The ideological concern that centers my work relates to diverse figures such as Orestes Brownson and George Fitzhugh constructing critiques of capitalism before the advent of America’s post-Civil War rise in industrial capitalism. They looked to burgeoning American industrial capital as a fully realized terror and fantasized about older modes of ideology--for Orestes Brownson it was a Christian Hierarchy; for George Fitzhugh, slavery modeled after the Greco-Roman tradition. Karl Marx defined the reactionary socialist belief as “half lamentation, half lampoon; half echo of the past, half menace of the future; to the very heart’s core; but always ludicrous in its effect, through total incapacity to comprehend the march of history.”[1] What then becomes clear is how their ideologies of the past allow them to be critical of capitalism in a socialist vein, while remain nostalgic and unable to offer real alternatives to the liberal Western marketplace.
Created by John Haven in 1850, Slavery as it Exists in the South/Slavery as it Exists in England reconstructs Southern slavery positively against English--and Northern American--labor.[2] The etching depicts two settings; the first shows the Southern plantation with dancing slaves while the second image depicts the utter destitute state of the working class in an industrial city. The sketch projects the debilitating existence away from the South and shows the real site of violence in the heart of an English factory town. Yet the depiction of England cannot help but reflect Southern culture as well.
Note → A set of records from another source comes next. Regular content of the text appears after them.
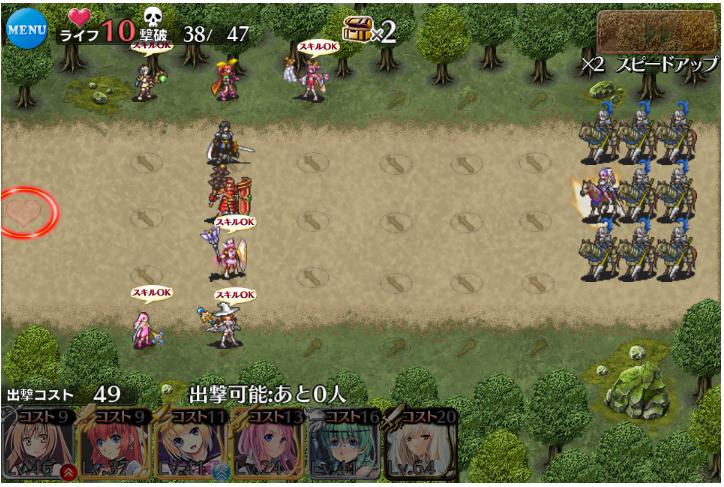ちょっと戦力過剰っぽく、もう少し弱いユニットでもいけるかも。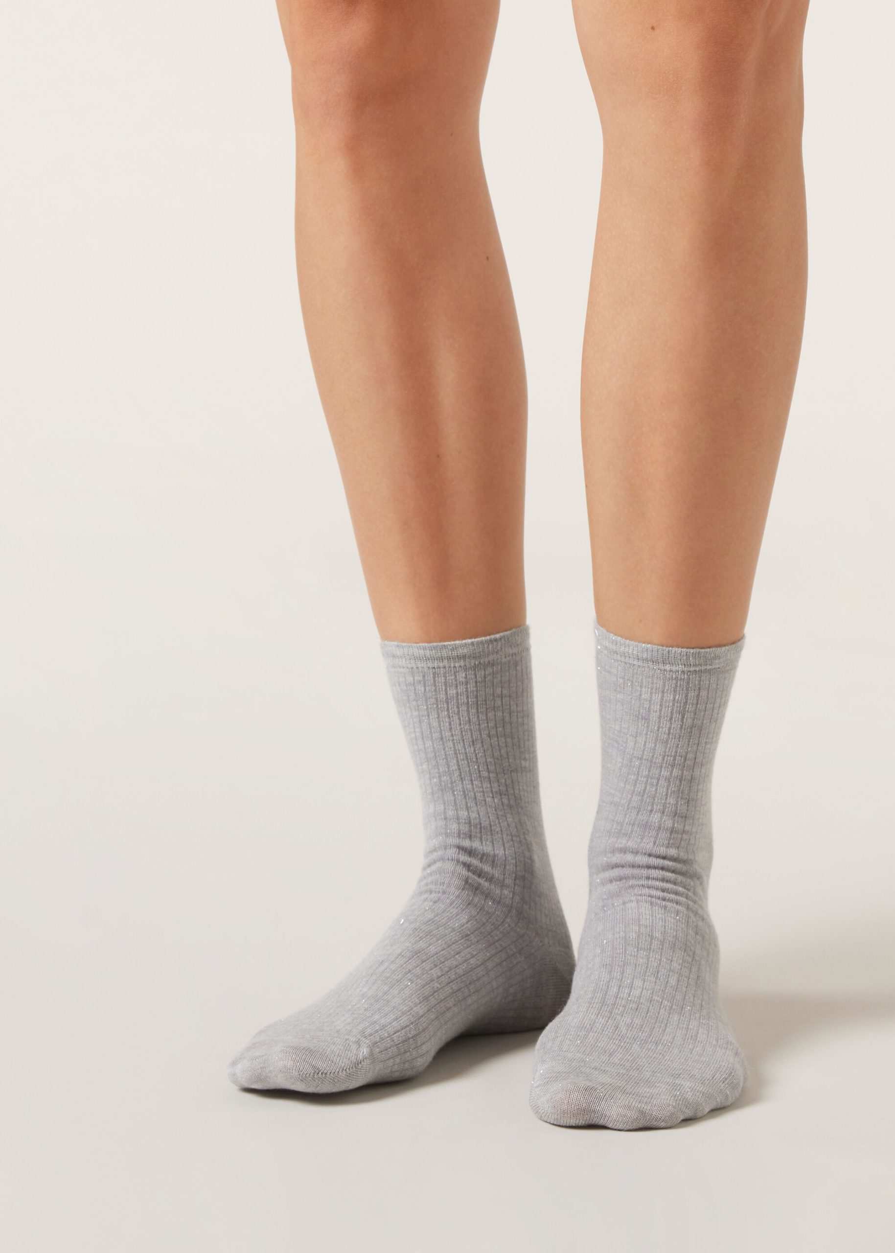 Women’s short socks in soft cashmere featuring a ribbed construction and sparkling glitter.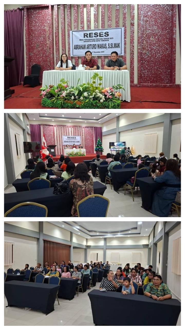 TOMOHON– Anggota DPRD Kota Tomohon, Abraham Arturo Wakas, S.Si, M.Ak, melaksanakan kegiatan Reses Masa Persidangan Pertama Tahun 2025, yang berlangsung di AAB Matani 1, Kecamatan Tomohon Tengah, Rabu (17/12/2025).

Why is it that the “runaway” is an industrial creation—or for that matter, the old derelict who is unable to work by the age of forty. A close inspection of the image also shows that a sign in the background reads “a wife to be sold.” The parallels between the images reveal what historians know about 19th century industrialism and American slave history. . Clearly there are markers that reveal the image to be centrally concerned with the effects of capitalism but also reveals a truth of slavery in the United States. That is, the references away from American slavery, reveal the tropes and types that exist in the southern states of America.


[1] Marx, Engels, The Manifesto of the Communist Party, 491.
[2] Haven, John. Slavery as it Exists in America. Slavery as it Exists in England. Boston, 1850.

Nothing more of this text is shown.